However, social norms have shifted a bit since 1997. So it's possible, if not probable, that if the film were to be recreated today, Jules and Michael would be a little older. According to a 2013 Pew Research Center analysis, the median age for marriage is steadily climbing, at 26.5 for brides and 28.7 for grooms. The study also indicated that in 2013, only 20 percent of adults ages 18 to 29 were married. So today, the marriage deal may not have been made at all.

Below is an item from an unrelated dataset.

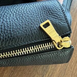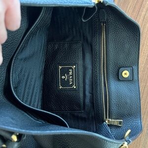 Three pockets inside: one with snap closure, one with zipper secure closure, one no closure

2. Jules wouldn't have been caught off guard when she found out Michael was engaged: In the movie, Jules falls to the ground when she discovers that Michael has proposed to someone else. In today's technology-obsessed world, communication has become easier than ever. It seems unlikely that Michael, her best friend, wouldn't have texted her to tell her that he was seeing someone else, or that Kimmy wouldn't have publicized the relationship on social media.
3. Kimmy would have known exactly what to expect from Jules: A 2015 Pew Research Center study indicated that 31 percent of female Internet users use Instagram, as do 55 percent of Internet users between the ages of 18-29. Jules is a renowned food critic who, given her use of a cell phone in 1997, was an early adopter of technology trends. What are the odds that she wouldn't be on Instagram? Kimmy could easily get a read on her relationship with Michael, and, at the very least, would figure out from the get-go that her frenemy wasn't actually engaged to her friend, George, as she claimed to be.
4. Wedding culture has changed: So much of the wedding in "My Best Friend's Wedding" was planned at the last moment. Jules, for example, was only told about the soiree a few days in advance. Still, the black tie event, replete with a five-piece band, seemed to come together seamlessly. This seems highly unlikely in 2017, when the business of weddings is booming. Last year, the Knot released a study of wedding trends, and found that the cost of weddings is on the rise, with personalization becoming more important than ever to brides. Kimmy would also likely have a shower and a bachelorette party today, and it's likely that Jules would have been invited to both, which would have given her more time to try to break up the engaged couple.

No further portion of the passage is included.